TLDR
- Intel stock collapsed 13% after hours following weaker-than-expected Q1 revenue and earnings guidance
- The chipmaker can’t produce enough AI server chips to meet customer demand due to manufacturing issues
- First-quarter revenue outlook of $11.7-12.7 billion missed Wall Street’s $12.51 billion estimate
- CEO Tan confirmed 18A manufacturing yields are improving but still fall short of company targets
- Intel reported a $600 million quarterly net loss despite beating Q4 revenue expectations
Intel delivered a rare earnings beat Thursday but still watched its stock sink 13% in after-hours trading. The culprit wasn’t the past quarter’s performance. It was what lies ahead.
The company reported fourth-quarter adjusted earnings of 15 cents per share on revenue of $13.7 billion. Both numbers topped analyst forecasts. Yet investors immediately zeroed in on the troubling guidance.

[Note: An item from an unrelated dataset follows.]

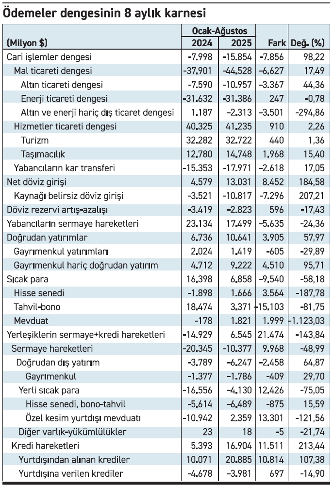 Ancak 2025 yılının 8 aylık sonuçlarına bakarsak cari açığın geçen yıla göre neredeyse ikiye katlandığını görüyoruz. 8 aylık toplam cari açık 7,86 milyar dolar ve yüzde 98,2’lik bir sıçrama ile 15,85 milyar dolara tırmandı.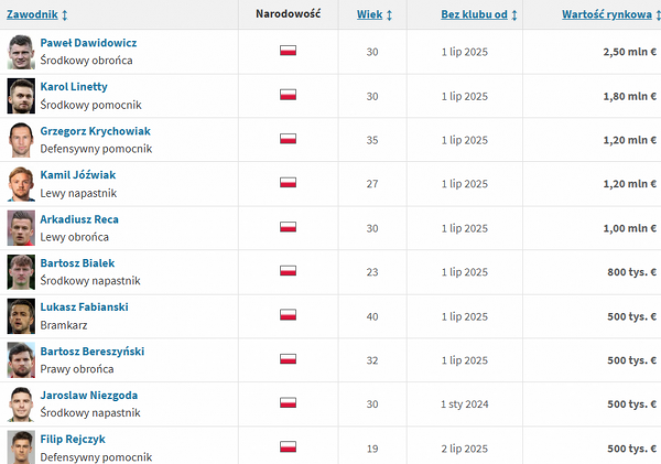 Najwyżej wyceniani Polacy bez klubu

Intel projected first-quarter revenue between $11.7 billion and $12.7 billion. Wall Street wanted $12.51 billion. The company also forecasts breakeven adjusted earnings per share compared to analyst expectations of 5 cents.
CFO David Zinsner blamed insufficient supply for the weak outlook. He told CNBC the company lacks the production capacity to handle seasonal demand. Supply should increase in the second quarter, he added.
CEO Lip-Bu Tan discussed manufacturing challenges on the earnings call. Production yields haven’t reached acceptable levels. “Our yields are in line with our internal plans,” Tan said. “They are still below what I want them to be.”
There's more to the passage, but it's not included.